* [Brief] The material below is to be copied exactly from the line with "皆様こんばんは。 4/12(水)の売買報告です。 B口座(4/12)" up to and including the line with "在茶歌演艺区,典雅柔和的古筝", with nothing else kept and no pictures.

* [Data excerpts]
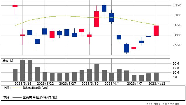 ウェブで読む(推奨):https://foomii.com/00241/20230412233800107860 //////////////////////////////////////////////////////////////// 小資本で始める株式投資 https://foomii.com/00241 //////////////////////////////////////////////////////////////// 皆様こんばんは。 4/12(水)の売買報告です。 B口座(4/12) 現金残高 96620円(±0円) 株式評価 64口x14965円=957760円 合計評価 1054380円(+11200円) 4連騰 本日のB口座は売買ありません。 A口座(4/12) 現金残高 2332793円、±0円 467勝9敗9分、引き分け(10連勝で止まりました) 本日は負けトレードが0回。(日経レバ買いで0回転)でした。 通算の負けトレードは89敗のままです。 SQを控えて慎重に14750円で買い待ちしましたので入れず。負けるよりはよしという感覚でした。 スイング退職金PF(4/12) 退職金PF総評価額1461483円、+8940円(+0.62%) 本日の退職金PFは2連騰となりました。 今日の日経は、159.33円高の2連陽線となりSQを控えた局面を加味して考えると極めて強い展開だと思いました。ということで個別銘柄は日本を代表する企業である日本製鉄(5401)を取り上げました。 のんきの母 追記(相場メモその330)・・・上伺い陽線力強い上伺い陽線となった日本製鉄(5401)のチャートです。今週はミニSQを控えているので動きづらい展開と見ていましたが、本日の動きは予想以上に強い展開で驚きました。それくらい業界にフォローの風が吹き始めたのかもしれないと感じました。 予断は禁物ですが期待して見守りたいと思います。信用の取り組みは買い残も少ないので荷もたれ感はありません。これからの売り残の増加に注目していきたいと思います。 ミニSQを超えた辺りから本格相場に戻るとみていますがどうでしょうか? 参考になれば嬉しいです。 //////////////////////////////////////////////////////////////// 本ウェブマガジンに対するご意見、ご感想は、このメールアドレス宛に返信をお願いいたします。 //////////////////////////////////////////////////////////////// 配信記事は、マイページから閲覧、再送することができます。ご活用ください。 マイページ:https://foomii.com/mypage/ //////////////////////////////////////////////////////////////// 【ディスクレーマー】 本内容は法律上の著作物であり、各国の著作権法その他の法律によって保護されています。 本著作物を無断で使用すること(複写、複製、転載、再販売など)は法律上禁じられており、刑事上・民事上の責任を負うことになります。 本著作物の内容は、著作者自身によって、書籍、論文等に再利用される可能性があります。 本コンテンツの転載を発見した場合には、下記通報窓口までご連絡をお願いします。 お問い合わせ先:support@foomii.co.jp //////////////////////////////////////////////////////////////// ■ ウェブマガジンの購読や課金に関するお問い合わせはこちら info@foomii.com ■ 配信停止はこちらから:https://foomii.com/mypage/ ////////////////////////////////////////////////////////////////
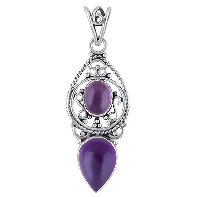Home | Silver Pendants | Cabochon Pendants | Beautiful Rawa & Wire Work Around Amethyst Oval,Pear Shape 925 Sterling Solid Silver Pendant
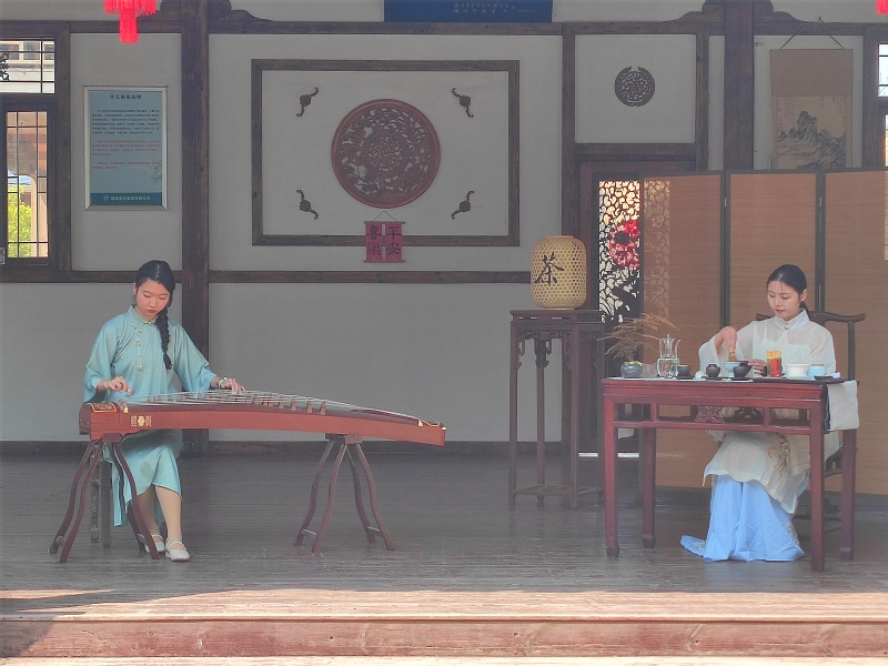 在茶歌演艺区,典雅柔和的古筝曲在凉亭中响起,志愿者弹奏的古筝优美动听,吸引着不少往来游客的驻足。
* * *
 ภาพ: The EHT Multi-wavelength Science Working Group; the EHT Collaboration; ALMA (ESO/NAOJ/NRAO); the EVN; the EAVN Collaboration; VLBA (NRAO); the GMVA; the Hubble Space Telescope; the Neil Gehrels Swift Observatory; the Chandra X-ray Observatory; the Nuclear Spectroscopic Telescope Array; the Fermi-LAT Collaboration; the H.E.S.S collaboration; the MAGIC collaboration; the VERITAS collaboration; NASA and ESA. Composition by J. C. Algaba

* [Output of the exercise]
 ウェブで読む(推奨):https://foomii.com/00241/20230412233800107860 //////////////////////////////////////////////////////////////// 小資本で始める株式投資 https://foomii.com/00241 //////////////////////////////////////////////////////////////// 皆様こんばんは。 4/12(水)の売買報告です。 B口座(4/12) 現金残高 96620円(±0円) 株式評価 64口x14965円=957760円 合計評価 1054380円(+11200円) 4連騰 本日のB口座は売買ありません。 A口座(4/12) 現金残高 2332793円、±0円 467勝9敗9分、引き分け(10連勝で止まりました) 本日は負けトレードが0回。(日経レバ買いで0回転)でした。 通算の負けトレードは89敗のままです。 SQを控えて慎重に14750円で買い待ちしましたので入れず。負けるよりはよしという感覚でした。 スイング退職金PF(4/12) 退職金PF総評価額1461483円、+8940円(+0.62%) 本日の退職金PFは2連騰となりました。 今日の日経は、159.33円高の2連陽線となりSQを控えた局面を加味して考えると極めて強い展開だと思いました。ということで個別銘柄は日本を代表する企業である日本製鉄(5401)を取り上げました。 のんきの母 追記(相場メモその330)・・・上伺い陽線力強い上伺い陽線となった日本製鉄(5401)のチャートです。今週はミニSQを控えているので動きづらい展開と見ていましたが、本日の動きは予想以上に強い展開で驚きました。それくらい業界にフォローの風が吹き始めたのかもしれないと感じました。 予断は禁物ですが期待して見守りたいと思います。信用の取り組みは買い残も少ないので荷もたれ感はありません。これからの売り残の増加に注目していきたいと思います。 ミニSQを超えた辺りから本格相場に戻るとみていますがどうでしょうか? 参考になれば嬉しいです。 //////////////////////////////////////////////////////////////// 本ウェブマガジンに対するご意見、ご感想は、このメールアドレス宛に返信をお願いいたします。 //////////////////////////////////////////////////////////////// 配信記事は、マイページから閲覧、再送することができます。ご活用ください。 マイページ:https://foomii.com/mypage/ //////////////////////////////////////////////////////////////// 【ディスクレーマー】 本内容は法律上の著作物であり、各国の著作権法その他の法律によって保護されています。 本著作物を無断で使用すること(複写、複製、転載、再販売など)は法律上禁じられており、刑事上・民事上の責任を負うことになります。 本著作物の内容は、著作者自身によって、書籍、論文等に再利用される可能性があります。 本コンテンツの転載を発見した場合には、下記通報窓口までご連絡をお願いします。 お問い合わせ先:support@foomii.co.jp //////////////////////////////////////////////////////////////// ■ ウェブマガジンの購読や課金に関するお問い合わせはこちら info@foomii.com ■ 配信停止はこちらから:https://foomii.com/mypage/ ////////////////////////////////////////////////////////////////
Home | Silver Pendants | Cabochon Pendants | Beautiful Rawa & Wire Work Around Amethyst Oval,Pear Shape 925 Sterling Solid Silver Pendant
 在茶歌演艺区,典雅柔和的古筝曲在凉亭中响起,志愿者弹奏的古筝优美动听,吸引着不少往来游客的驻足。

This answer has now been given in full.